Dimeric CHPs refold much faster and have higher binding affinity to gelatin than monomeric CHPs. In SPR, dimeric CHPs immobilized to a sensor chip trapped a larger amount of gelatin from solution than monomeric CHPs at physiologic temperature (Figure 2A). CHP affinity to denatured collagen is typically proportional to the number of GPO repeats and melting point. However, in a fluorescent binding assay, dimeric (GPO)6 had a similar affinity to gelatin as monomeric and dimeric (GPO)9 even with fewer repeats and a lower Tm (Figure 2B). Decreased Tm allows dimeric (GPO)6 to bind denatured collagen at physiologic temperature without any heat activation, which is one of the major limitations of current CHPs.
Conclusions: We have demonstrated two novel CHP structures that can alleviate limitations of current CHPs. The novel, photo-reactive CHP folds into stable triple helix, but spontaneously unfolds after exposure to UV light. This may enable triggered trelease of CHP derivatives from gelatin scaffolds for applications in drug delivery. It can also be used for spatio-temporal localization of CHP in 3D gelatin scaffolds and triggered assembly and disassembly of CHP-mediated nanoconstructs. We also demonstrated improved folding kinetics and high binding affinity for a dimeric CHP which can hybridize to denatured collagen without preheating. We believe that these new CHP architectures will help the development of new imaging and drug delivery systems for diseases associated with high collagen remodeling activity.
Work was supported by grants from NIAMS/NIH (R01-AR060484 and R21-AR065124) and DOD (W81XWH-12-0555) awarded to S.M.Y. and by the Wayne Brown Fellowship, University of Utah, awarded to J.L.K; We would like to thank the other members of the Yu group, Yang Li, Boi Hoa San, Hendra Wayhudi, Bum Jin Kim, Lucas Bennink, Amanda Reynolds, and Jeongmin Hwang for all of their help and assistance.
References:
[1] Li Y, Ho D, Meng H, et al. Direct detection of collagenous proteins by fluorescently labeled collagen mimetic peptides. Bioconjug Chem. 2013;24(1):9-16.

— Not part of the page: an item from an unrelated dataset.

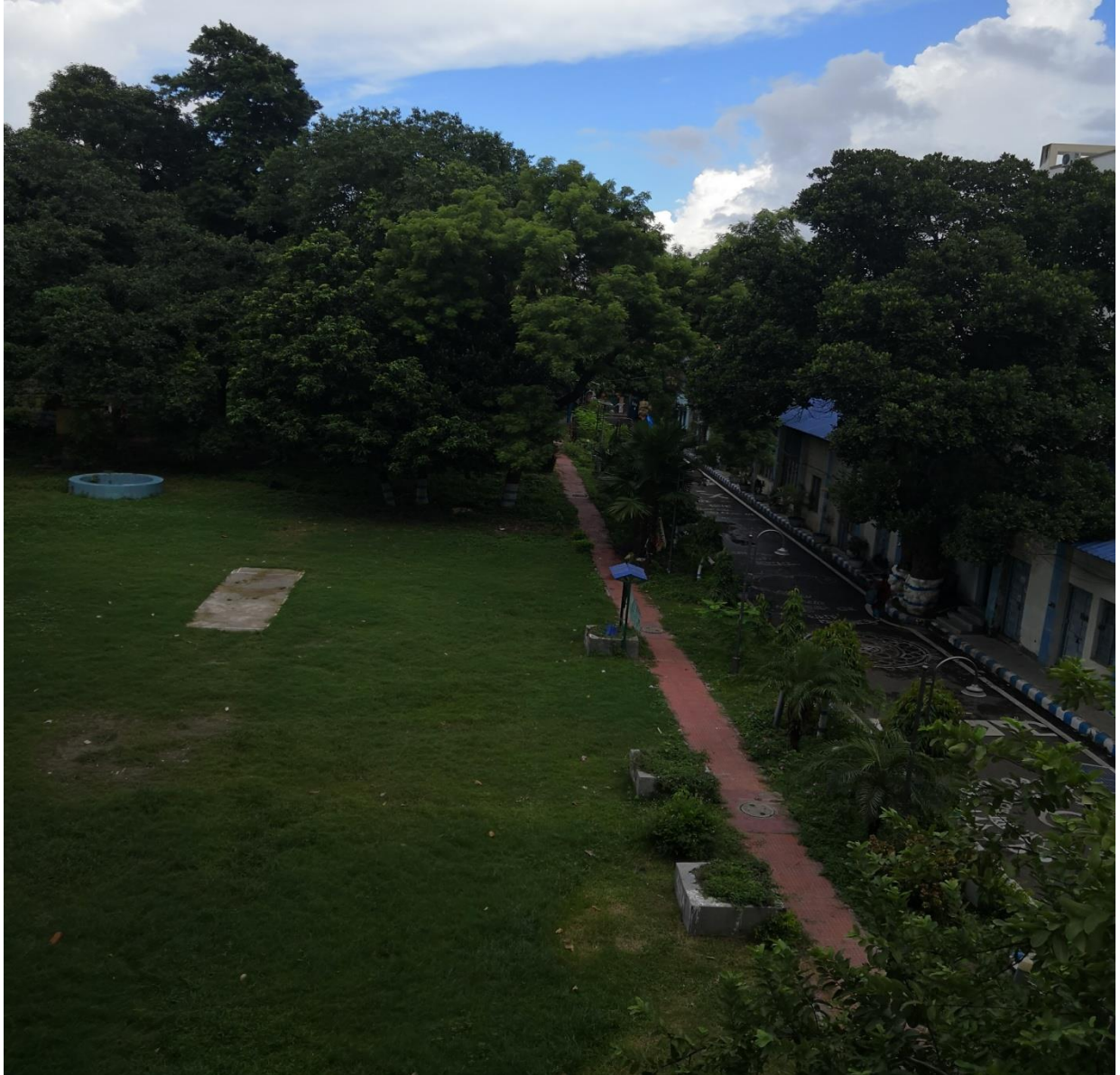
Landscape of College Campus

[2] Feng Y, Melacini G, Goodman M. Collagen-based structures containing the peptoid residue N-isobutylglycine (Nleu): synthesis and biophysical studies of Gly-Nleu-Pro sequences by circular dichroism and optical rotation. Biochemistry. 1997;36(29):8716-8724.
[3] Li Y, Foss C a., Summerfield DD, et al. Targeting collagen strands by photo-triggered triple-helix hybridization. Proc Natl Acad Sci. 2012;109(37):14767-14772.